[Opening SOURCE MATERIAL section]

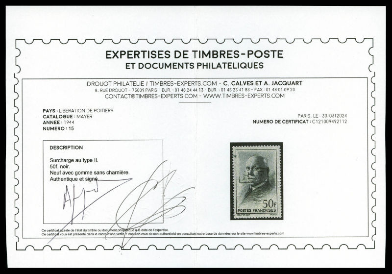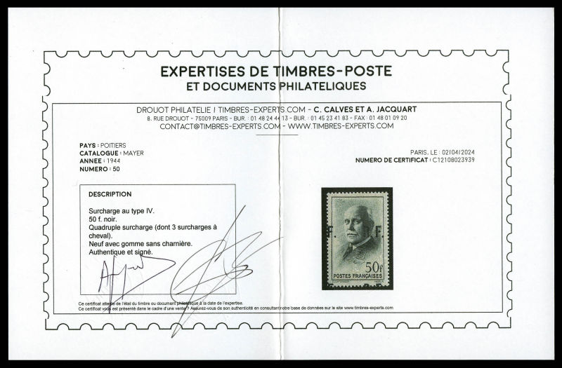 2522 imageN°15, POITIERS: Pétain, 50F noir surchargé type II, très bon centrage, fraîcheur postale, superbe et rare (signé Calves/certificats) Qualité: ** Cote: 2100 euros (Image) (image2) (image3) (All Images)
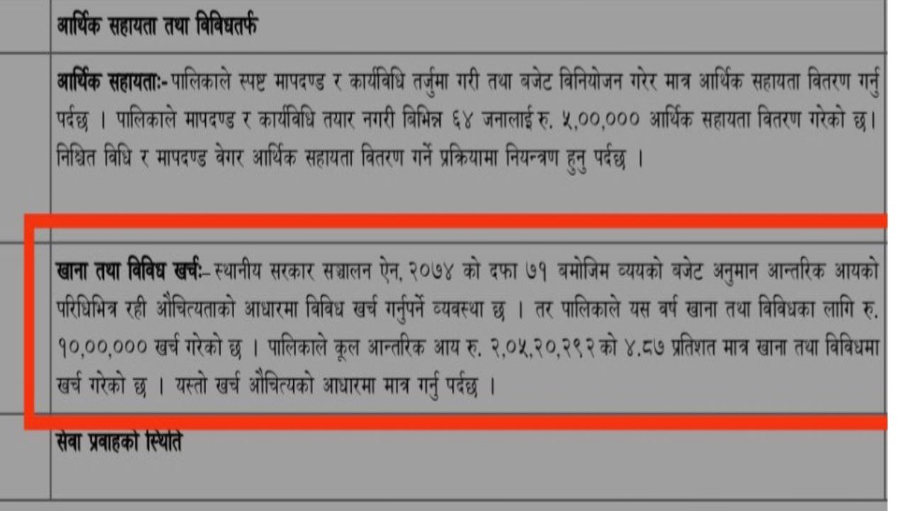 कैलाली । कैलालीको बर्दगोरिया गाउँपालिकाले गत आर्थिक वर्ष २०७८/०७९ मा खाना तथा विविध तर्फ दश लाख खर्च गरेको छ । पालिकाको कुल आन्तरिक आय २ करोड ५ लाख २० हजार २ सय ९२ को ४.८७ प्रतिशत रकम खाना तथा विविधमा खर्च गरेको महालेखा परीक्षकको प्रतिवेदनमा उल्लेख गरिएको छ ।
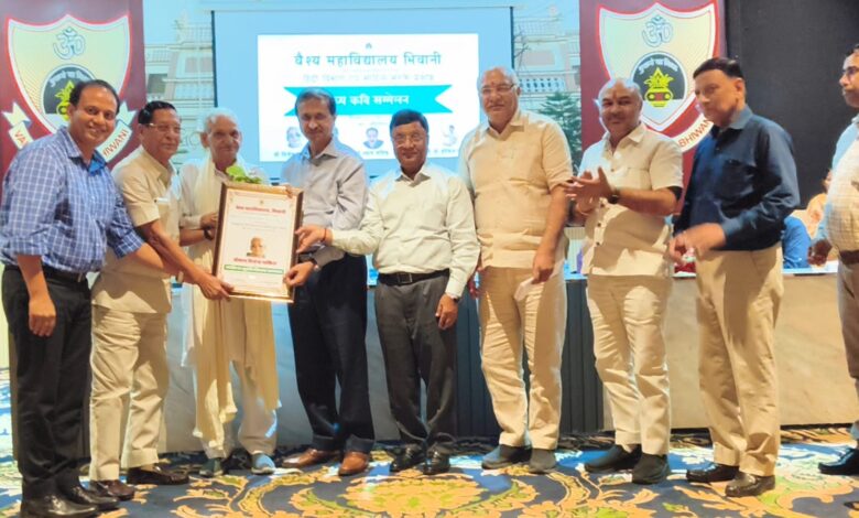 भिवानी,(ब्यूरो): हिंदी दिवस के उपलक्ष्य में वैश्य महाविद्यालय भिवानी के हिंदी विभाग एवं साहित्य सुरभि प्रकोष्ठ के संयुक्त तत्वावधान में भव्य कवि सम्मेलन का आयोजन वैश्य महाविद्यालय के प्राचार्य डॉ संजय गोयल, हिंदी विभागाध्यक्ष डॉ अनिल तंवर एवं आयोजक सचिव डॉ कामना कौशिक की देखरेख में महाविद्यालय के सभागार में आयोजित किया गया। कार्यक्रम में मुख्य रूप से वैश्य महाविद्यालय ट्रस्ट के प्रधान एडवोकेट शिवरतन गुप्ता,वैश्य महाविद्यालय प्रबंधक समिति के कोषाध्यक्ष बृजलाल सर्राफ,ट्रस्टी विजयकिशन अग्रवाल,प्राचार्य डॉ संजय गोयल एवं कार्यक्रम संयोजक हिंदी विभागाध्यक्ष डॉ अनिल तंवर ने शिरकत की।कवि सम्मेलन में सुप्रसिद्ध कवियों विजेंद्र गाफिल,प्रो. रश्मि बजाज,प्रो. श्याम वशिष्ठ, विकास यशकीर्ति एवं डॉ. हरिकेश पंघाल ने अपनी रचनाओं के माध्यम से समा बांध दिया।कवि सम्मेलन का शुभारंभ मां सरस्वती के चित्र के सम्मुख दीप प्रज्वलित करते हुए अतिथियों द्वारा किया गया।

[Closing SOURCE MATERIAL section]

Could you return the entire listing above verbatim while dropping each picture?

ANSWER TO THIS TASK:
 2522 imageN°15, POITIERS: Pétain, 50F noir surchargé type II, très bon centrage, fraîcheur postale, superbe et rare (signé Calves/certificats) Qualité: ** Cote: 2100 euros (Image) (image2) (image3) (All Images)
 कैलाली । कैलालीको बर्दगोरिया गाउँपालिकाले गत आर्थिक वर्ष २०७८/०७९ मा खाना तथा विविध तर्फ दश लाख खर्च गरेको छ । पालिकाको कुल आन्तरिक आय २ करोड ५ लाख २० हजार २ सय ९२ को ४.८७ प्रतिशत रकम खाना तथा विविधमा खर्च गरेको महालेखा परीक्षकको प्रतिवेदनमा उल्लेख गरिएको छ ।
 भिवानी,(ब्यूरो): हिंदी दिवस के उपलक्ष्य में वैश्य महाविद्यालय भिवानी के हिंदी विभाग एवं साहित्य सुरभि प्रकोष्ठ के संयुक्त तत्वावधान में भव्य कवि सम्मेलन का आयोजन वैश्य महाविद्यालय के प्राचार्य डॉ संजय गोयल, हिंदी विभागाध्यक्ष डॉ अनिल तंवर एवं आयोजक सचिव डॉ कामना कौशिक की देखरेख में महाविद्यालय के सभागार में आयोजित किया गया। कार्यक्रम में मुख्य रूप से वैश्य महाविद्यालय ट्रस्ट के प्रधान एडवोकेट शिवरतन गुप्ता,वैश्य महाविद्यालय प्रबंधक समिति के कोषाध्यक्ष बृजलाल सर्राफ,ट्रस्टी विजयकिशन अग्रवाल,प्राचार्य डॉ संजय गोयल एवं कार्यक्रम संयोजक हिंदी विभागाध्यक्ष डॉ अनिल तंवर ने शिरकत की।कवि सम्मेलन में सुप्रसिद्ध कवियों विजेंद्र गाफिल,प्रो. रश्मि बजाज,प्रो. श्याम वशिष्ठ, विकास यशकीर्ति एवं डॉ. हरिकेश पंघाल ने अपनी रचनाओं के माध्यम से समा बांध दिया।कवि सम्मेलन का शुभारंभ मां सरस्वती के चित्र के सम्मुख दीप प्रज्वलित करते हुए अतिथियों द्वारा किया गया।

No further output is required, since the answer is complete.